At least the motive for the crime seems clear. "Nazis need no bathing fun!" Gauland said the thief shouted as he stole the 77-year-old lawmaker's shirt and pants.
Gauland has never publicly defended the German Nazis, who during their 12-year rule started World War II, killed millions of people and tried to exterminate all Jews. But he has repeatedly suggested that it's time to stop apologizing for the past.
"If the French are rightly proud of their emperor, and the Britons of Nelson and Churchill, we have the right to be proud of the achievements of the German soldiers in two world wars," Gauland said in September, according to the Guardian. "People no longer need to reproach us with these 12 years. They don't relate to our identity nowadays."
A week and a half after he made that speech, the Alternative for Germany - a party co-led by him -- came third in a six-way national election, becoming the first far-right party to join the German Parliament since the Nazis.

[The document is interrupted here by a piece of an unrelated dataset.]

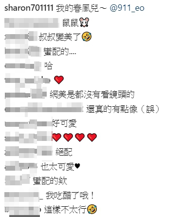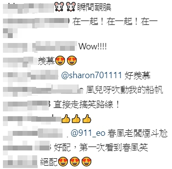 兩人的合照也意外引起網友的討論,不少人狂敲碗:「滿配的」、「在一起!在一起!在一起!」、「覺得可以」,也有人笑虧:「春風哥的殺氣瞬間化解」、「瞬間靦腆」、「鐵漢柔情。」
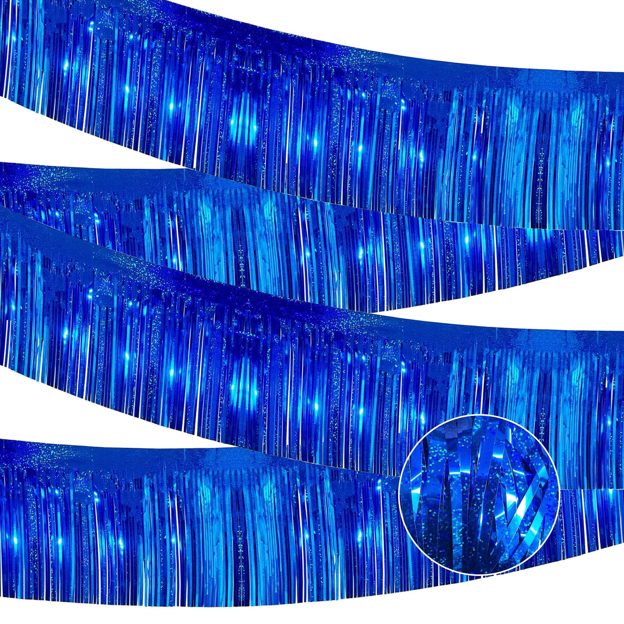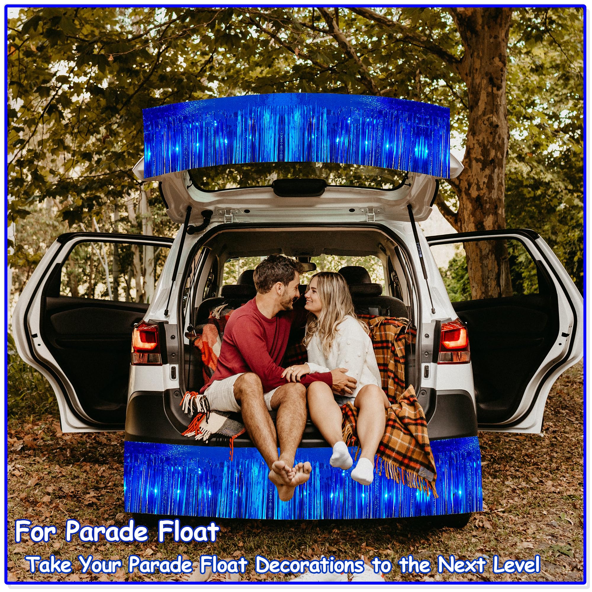 PACKAGE INCLUDES: Comes with 4 packs of glitter Royal Blue fringe, Each garland is 10*1 ft/3*0.3m (L*W ), Enough quantity and more shiny, you can cut it into any size to meet your decoration needs. With these festive tassel streamers, you can take your parade float decorations and party to the next level

The party's other leader, Alice Weidel, once wrote an email peppered with "Nazi-era connotations," according to Deutsche Welle - words such as Uberfremdung, or "foreign infiltration," which Weidel applied not to Jews but to "culturally foreign people such as Arabs, Sinti and Roma," as well as to "puppets of World War II allies" in Chancellor Angela Merkel's government.
Weidel is generally considered the more moderate of the party's two leaders.
As for Gauland, he has railed against foreigners of many kinds since co-founding Alternative for Germany, or AfD, in 2013.
He has called to ban Muslims from the country, Deutsche Welle reported, and once said that "not everyone who holds a German passport is German."
Gauland denied telling a German newspaper that a black athlete was good enough to play soccer but would not be desirable as a neighbor. But he did not deny calling for a political rival to be "dumped" in Turkey, where his ancestors were born, nor has he expressed regret for any of his statements.
"Why should I?" Gauland told The Washington Post in an interview before the September election. He went on to agree with another member of his party, who had objected to the Jewish Holocaust memorial in Berlin.
"He has spoken of a 'monument of shame' in the midst of the German capital," Gauland told The Post. "And that is totally correct."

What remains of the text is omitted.